By: Lindsey Benoit, Women's Health Director of Communications and Special Projects



Training for my first half marathon has been exciting and challenging. Because I hadn't run much more than four miles leading up to my training, adding miles also starting taking a toll on my body. Muscles began hurting that never did before. With preexisting lower back issues, I knew that I needed to be careful when embarking on the runDisney Wine & Dine Half Marathon I will be running this November.



I turned to one of my favorite trainers, Rebecca Heiberg, a New York-based personal trainer and athlete who has worked prepared clients for races. Her goal is to help me get strong before issues begin flaring up and providing a workout program to keep me safe and get ready to run that 13.1 miles in Disney!



Pre-Run Warm-Ups are Essential :



"When your body is going to be in motion then you need to warm it up in motion -- your muscles need to be prepared for what you are about to do," says Heiberg. "Your stretching routine should consist of "dynamic" stretches which are stretches performed on the move that mimic movement patterns similar to the sport or activity you are about to engage in." The top five include:




  1. Walking Knee Tugs: Bring one knee up to your chest as high as it can go then with both hands, pull your knee into your chest. Alternate legs while slowly walking forward.



  2. Frankenstein Walks: Step forward and kick one leg up to waist height or as far as you can. Be sure to keep your hips level and have no bend in the knee. Repeat this as you walk forward. Be sure to stand up tall to maintain a neutral spine and only raise the leg as much as you can without hunching over and rounding your back. Do 15-20 reps on each side.



  3. Lateral Band Walks: Put a latex band (they vary with resistances) around both ankles. Start with the your feet hip-width distance apart and maintain tension on the band at all times. Keep knees slightly bent, chest up and hips back. Step out to the side with your heel slightly leading the way. Bring the other leg back to the start position. Repeat 8-10 reps on each side. If your tushy is burning then you are doing it right!



  4. Kick Butt Walking Lunges: Step one foot forward into a lunge. Bend the knee until the thigh is parallel to the floor and the knee is in line with the ankle. Push back upward and lift the back leg off the floor and drive your heel into your butt. Take that foot and step into a lunge to continue on to the opposite side. Do 10-15 reps on each side.



  5. High Heel Walks: Take small steps forward on your tippy toes as if you were wearing a pair of high heels. Continue to walk like this until you have taken 15-20 steps on each leg. (That's right boys, feel our pain!)

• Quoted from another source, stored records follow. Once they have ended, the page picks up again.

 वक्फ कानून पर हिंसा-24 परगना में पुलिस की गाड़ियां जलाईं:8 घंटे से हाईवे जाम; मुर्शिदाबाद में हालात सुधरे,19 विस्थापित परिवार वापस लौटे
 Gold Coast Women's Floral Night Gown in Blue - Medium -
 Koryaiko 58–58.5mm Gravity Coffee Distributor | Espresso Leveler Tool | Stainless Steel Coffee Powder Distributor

Don't Forget that Post-Run Cool Down :



"Static stretching, which is done while the body is at rest and the lengthened muscle is held for at least 30 seconds, is the key to help those muscles recover," adds Heiberg. Remember, never stretch an injury and be sure to hold for at least 30 seconds but no longer than two minutes. Don't forget to breathe during these stretches! Rebecca's five post-run stretches include:




  1. Standing Calf Stretch: Calves can be stretched in a number of different ways but I find this one to be easy and very efficient. Place the foot on a small step. Let the heel fall towards the floor. Keeping your back flat, lean forward over the front leg for a deeper stretch. Remember to hold for at least 30 seconds and repeat up to three times per leg.



  2. Single Leg Hami Stretch: Lay face up on the floor. Lift one leg without bending the knee. Keep the foot of the elevated leg relaxed and keep the toes of the leg on the floor pointing up to the sky. Grab behind the quad of the elevated leg with both hands and pull the leg gently towards your head. Hold here for 30 seconds. Repeat three times on each side.

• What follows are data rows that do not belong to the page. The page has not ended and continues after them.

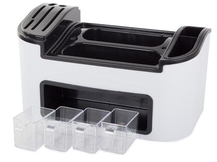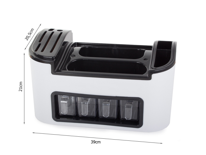 Na svrchní část organizéru můžete uložit často používané koření, sklenice, lahve a jiné. Na bočních stranách organizéru je velmi užitečné úložné místo příkladně pro velké kuchyňské nože, příbory a další kuchyňské náčiní. Ve spodní části organizéru jsou k dispozici čtyři prostorné zásuvky, do kterých můžeme uložit např. kávu, čaj, cukr atd. Zásuvky jsou vyrobeny z estetického, průhledného materiálu, takže vždy máte přehled kde co máte. Organizér se skládá z několika prvků. Každý z nich lze snadno vyjmout a důkladně umýt. Základna organizéru zároveň slouží jako odkapávač, díky kterému bude při vkládání mokrých příborů deska stolu suchá. Neváhejte a pořiďte si tento praktický organizér do vašich kuchyní.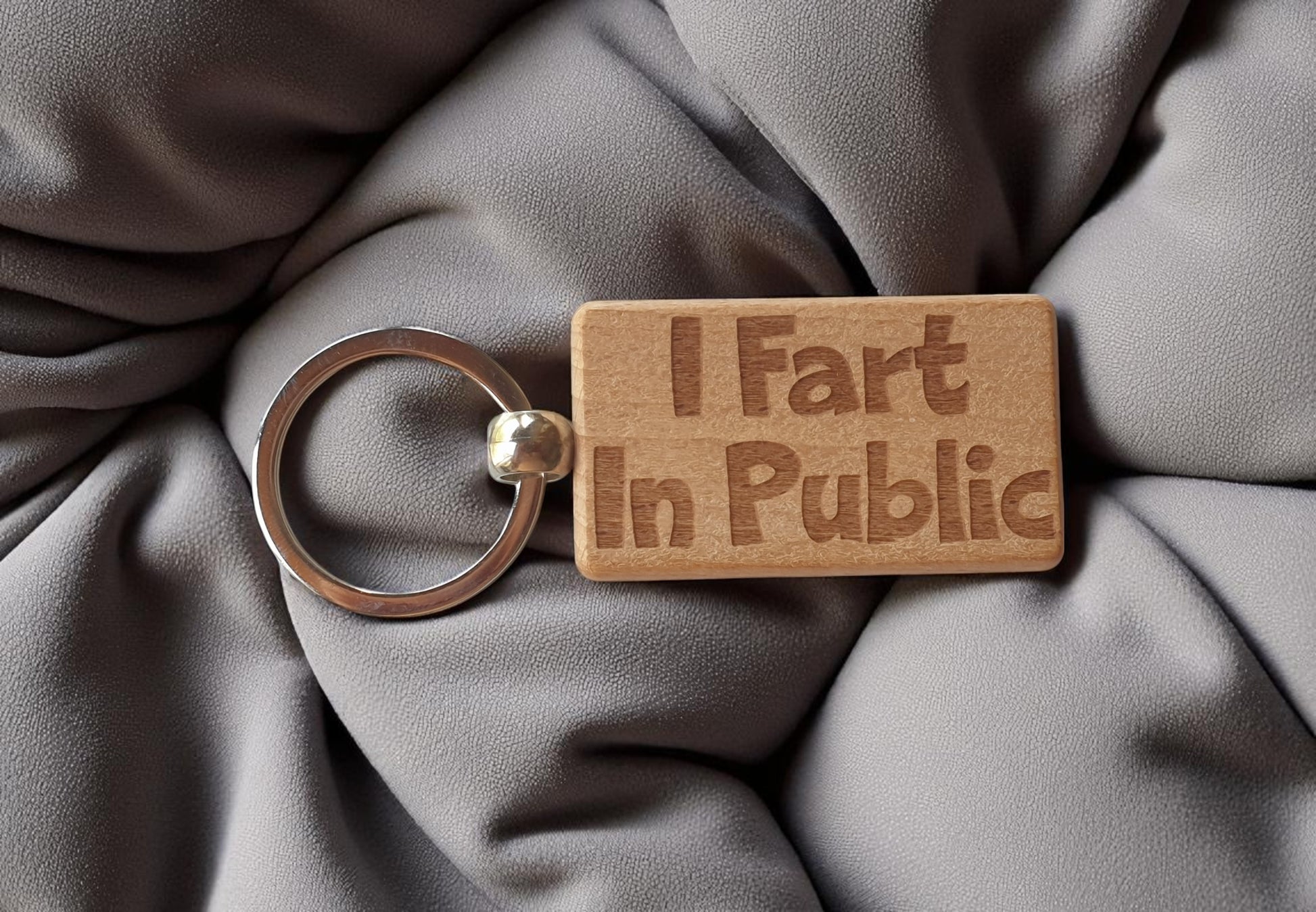 Funny Keyring Gift I Fart In Public Engraved Wooden Key Fob Fun Novelty Nice Cute Present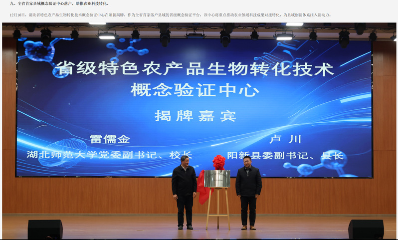 (通讯员 余翔 秦文权)2025年12月31日,阳新县政府指定的移动政务客户端“云上阳新”正式发布“2025年阳新县十大时政经济类新闻”。其中,由阳新县现代农业产业技术研究院(后称“研究院”)主导建设的省级特色农产品生物转化技术概念验证中心上榜,这一成果标志着阳新县域农业科技创新迈入新阶段。

  3. Standing Quad Stretch: Standing up with feet shoulder width apart, lift the right foot up toward your right glute. Pull your foot gently toward the glute with the right hand. For a deeper stretch, push the foot into the hand. This will activate the quad and give a deeper more intense stretch. Feel free to use a wall or a stationary object to hold on to for balance. Hold for 30 secs and repeat three times on each leg.

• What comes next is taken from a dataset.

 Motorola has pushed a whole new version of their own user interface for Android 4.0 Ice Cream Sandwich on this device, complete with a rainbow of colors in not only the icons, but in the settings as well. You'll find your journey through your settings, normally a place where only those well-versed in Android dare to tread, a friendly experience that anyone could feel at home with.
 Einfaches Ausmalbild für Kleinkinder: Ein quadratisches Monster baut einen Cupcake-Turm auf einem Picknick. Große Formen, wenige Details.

  4. Thread the Needle: This one is my favorites. It really targets the glutes and loosens them up after a long run. Lay down on your back. Place your right ankle directly above your left knee. Your right knee is now bent and forms a space between your legs. Place your right hand through the hole and your left hand to the outside of the left leg. Now, grabbing behind the left leg with both hands, pull the left leg off the floor and toward your chest. Hold 30 seconds to one minute. Repeat 2-3 times per leg.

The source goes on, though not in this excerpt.